Live album by Joe Strummer & The Mescaleros
- Released: 23 November 2012
- Recorded: 15 November 2002
- Genres: Alternative rock, Punk rock, Folk rock, Reggae rock
- Label: HellCat/Epitaph Records

Joe Strummer & The Mescaleros chronology
| Joe Strummer & The Mescaleros: The Hellcat Years (2012) | Live at Acton Town Hall (2012) | Joe Strummer 001 (2018) |

= Live at Acton Town Hall =

Live at Acton Town Hall is a live recording of Joe Strummer & The Mescaleros in performance at Acton Town Hall in London in 2002. It was first released in 2012 as a Record Store Day exclusive – a vinyl double LP in a limited number of 2,200 copies. The show was recorded directly off the mixing desk by fans who, with foreknowledge of Mick Jones' plans to attend, anticipated some kind of onstage reunion of the former Clash songwriting partners.
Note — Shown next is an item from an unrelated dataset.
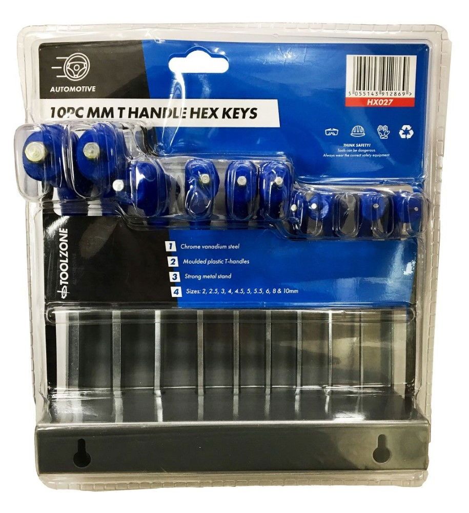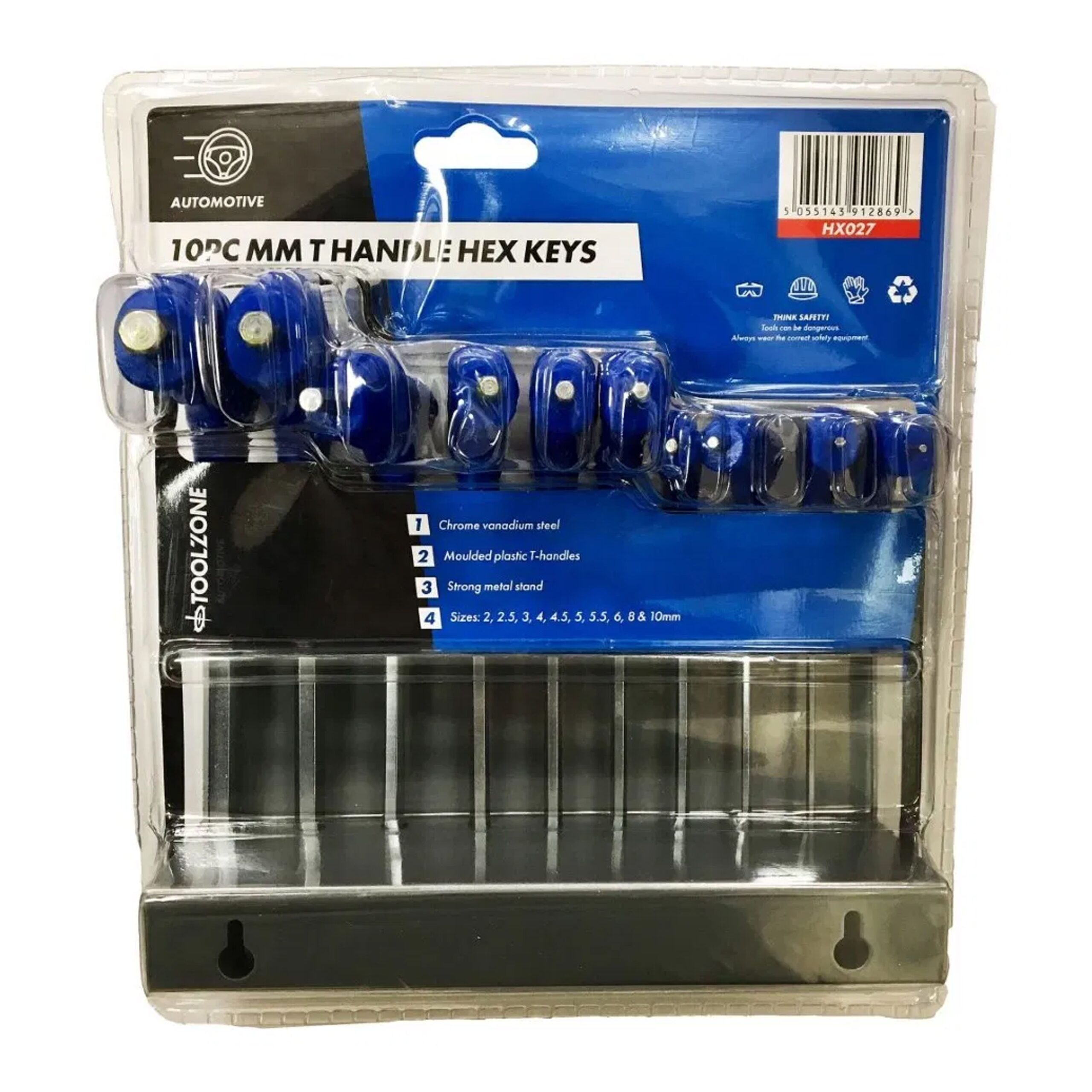 This 10-piece metric T-handle hex key set is constructed from chrome vanadium steel. The T-handles are designed for increased traction and comfortable grip. The set is supplied in a free-standing steel organiser with mounting holes.

The recording circulated for many years just amongst a small group of fans who knew of its existence before surfacing a decade later at Hellcat Records.
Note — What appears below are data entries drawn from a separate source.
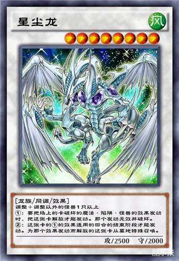 效果的保护和苏生对雷破等破坏的卡来说还是比较不错的,但星尘龙自身打点环境内不算高,面对无底加拿大虫等卡表现也比较一般,总体而言感觉强度一般,不是情怀党应该不用特地抽。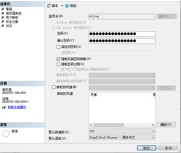 5、选择保险性-登录名-新修登录名,输出登录名,修议跟Windows原机用户名纷歧样,以做分辨;选择SQL Server身份验证,勾选逼迫施行暗码计谋,把欺压暗码逾期以及用户不才次登录时必需更动暗码消除,默许数据库选择咱们方才建立的数据库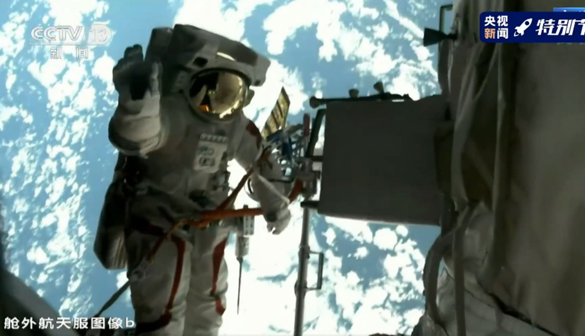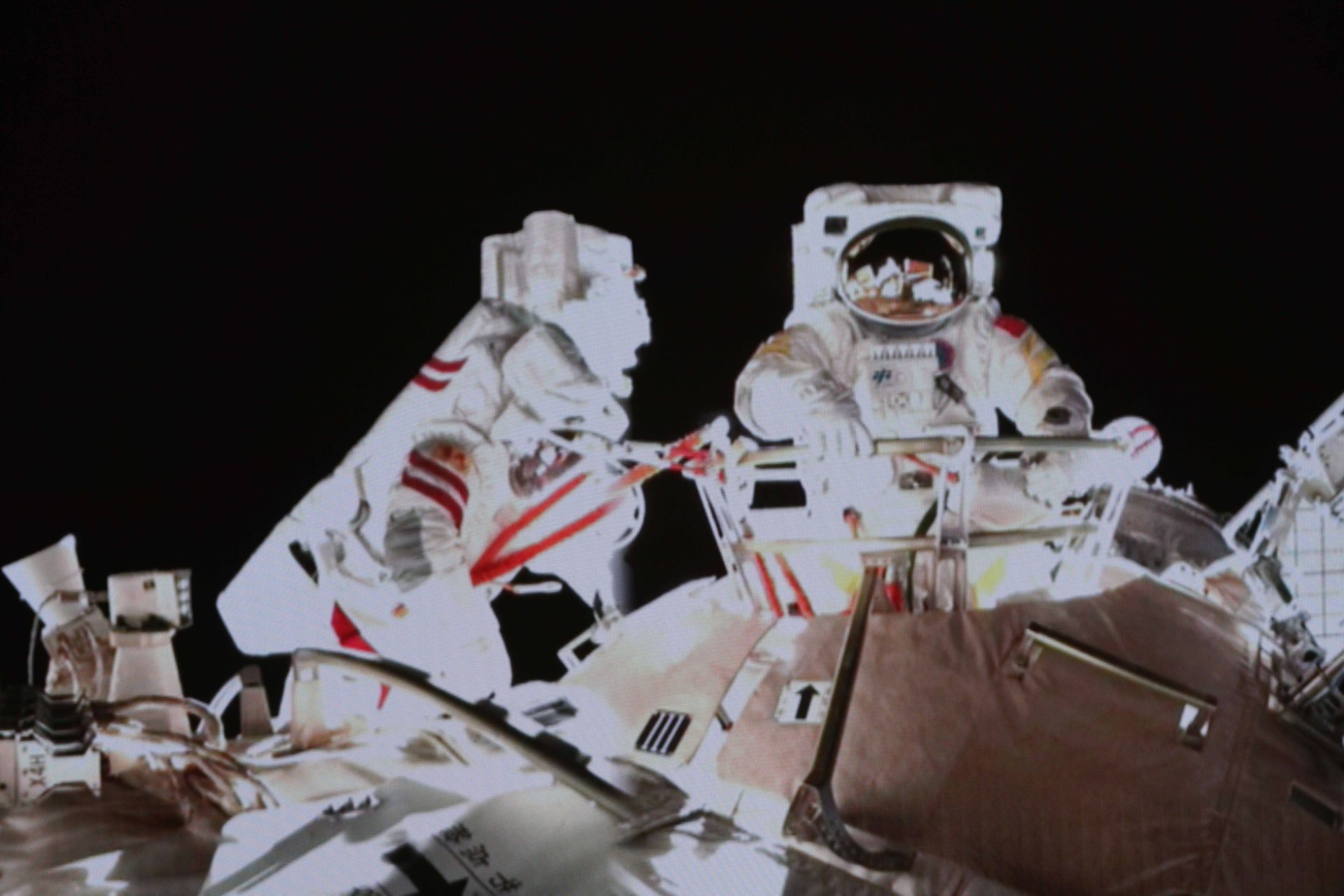 2021年07月4日 ~ 神舟十二號載人飛船兩名航天員,4日早上8時11分起,在中國太空站天和核心艙執行首次艙外任務,是繼神舟七號航天員後,相隔13年再有中國航天員執行艙外任務... 艙外任務由航天員劉伯明和湯洪波執行,一人負責為艙外機械臂安裝上臂支架,隨後借助機械臂移動。另一人則自行借助艙壁上安裝的扶手,爬行一段距離到作業點進行輔助工作,期間還要進行一次應急返回驗證。留守艙內的航天員聶海勝則需要同時操作機械臂配合。

The concert, a benefit for striking firefighters, was recorded on 15 November 2002 and features one of the final live performances by Strummer (the last live show being in Liverpool on 22 November 2002), who died due to a heart condition on 22 December 2002. The performance features songs Strummer recorded with The Clash along with songs from Strummer's albums for Hellcat Records including new written songs such as "Coma Girl" and "Get Down Moses" that eventually would appear on Strummer's posthumous album, Streetcore. The highlight of the performance features a reunion with Strummer's former bandmate from The Clash, Mick Jones for the first time in almost twenty years.
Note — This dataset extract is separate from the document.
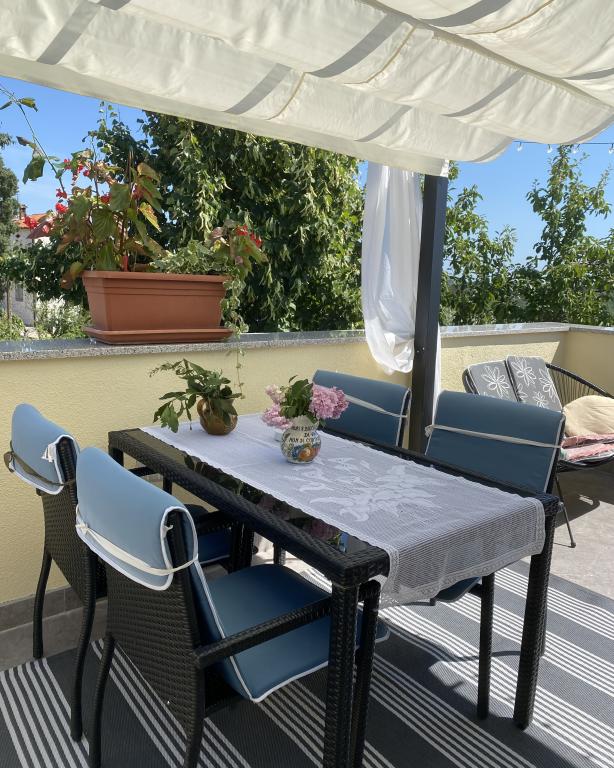 Sve je bilo savršeno. Domaćin nas je srdačno dočekao i sve nam objasnio. Uvijek je bio voljan odgovoriti na sva pitanja i dati nam savjete, ali nikada nije bio napadan. Stan se nalazi u mirnom dijelu na 2.katu. Apartman ima veliku terasu s pogledom na more i opremljen je svime što vam je potrebno. Bilo je čak i kave, mlijeka, šećera i čaja dostupnih za doručak. Voće smo dobili i iz vlastitog vrta. Veliko hvala paru domaćina na njihovom velikodušnom gostoprimstvu. U selu postoji nekoliko vrlo dobrih restorana, nekoliko barova/kafića, pekara, mesnica i 2 mala supermarketa, kao i agroturizam s dobrom hranom. Turističke informacije su također iza ugla, sve je na pješačkoj udaljenosti. Vratili bismo se.

The live album was also made available as part of a 57-song digital download-only collection titled Joe Strummer & The Mescaleros: The Hellcat Years.

==Track listing==
1. "Shaktar Donetsk"
2. "Bhindee Bhagee"
3. "Rudie Can't Fail"
4. "Tony Adams"
5. "(White Man) In Hammersmith Palais"
6. "Mega Bottle Ride"
7. "Get Down Moses"
8. "Police and Thieves"
9. "Cool 'N' Out"
10. "Police on My Back"
11. "Johnny Appleseed"
12. "Coma Girl"
13. "I Fought the Law"
14. "Bankrobber" (featuring Mick Jones)
15. "White Riot" (featuring Mick Jones)
16. "London's Burning" (featuring Mick Jones)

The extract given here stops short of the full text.